L’esperienza alla Casa della Salute di Copparo: contattate 800 persone «Abbiamo lavorato per 90 ore facendo oltre duemila telefonate» 

l’iniziativa

Seguendo le indicazioni della Regione, la sanità locale dell’area del copparese si è mobilitata assieme al volontariato per consentire la vaccinazione della classe di età 50-54 anni. Ne abbiamo parlato con il responsabile del nucleo di cure primarie e dei medici di medicina generale del territorio, Franco Miola. «Abbiamo seguito le indicazioni della Regione e abbiamo realizzato il primo giro di vaccinazioni antiCovid per i cittadini dai 50 ai 54 anni.
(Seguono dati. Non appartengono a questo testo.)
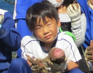 見事なお芋を掘り出す子がたくさんいました。植えた苗の半分近くがすぐに枯れてだめになってしまっていたから、ほかのつるの出来を心配していたのですが、昨年度よりはるかに豊作です!

Il richiamo lo proporremo tra il 12 e il 20 luglio. Abbiamo realizzato questa vaccinazione con il fondamentale aiuto degli infermieri e dei volontari di Auser. In pratica, attraverso gli elenchi a disposizione dei Medici di Medicina generale abbiamo contattato i cittadini, poi li abbiamo vaccinati nei locali del Centro Prelievi della Casa Della Salute, sfruttando gli orari lasciati a disposizione dai prelievi e dalle altre vaccinazioni programmate, senza fermarci neanche la domenica. Con le liste costruite tramite il portale dedicato abbiamo preparato gli elenchi delle persone da contattare. I bravissimi volontari di Auser, quattro, hanno lavorato per oltre 90 ore complessive al telefono, chiamando i cittadini». «Non è stato un lavoro breve – conferma Catia Zucchini, presidente di Auser Copparo e tra i volontari impegnati in questa operazione – perché in qualche caso bastava una telefonata, in altri casi ne servivano molte di più. Alla fine, abbiamo lavorato oltre novanta ore, nel complesso, per un totale di più di duemila telefonate in otto giorni. Abbiamo lavorato per conto dei medici che dovevano gestire le vaccinazioni e abbiamo contattato all’incirca 800 persone, confermando le loro adesioni e calendarizzando. E spesso dando le informazioni di cui disponevamo e sciogliendo i dubbi di persone informate ma che volevano chiarimenti sui tempi e sui modi, è stato lungo e difficile, ma ci siamo riusciti».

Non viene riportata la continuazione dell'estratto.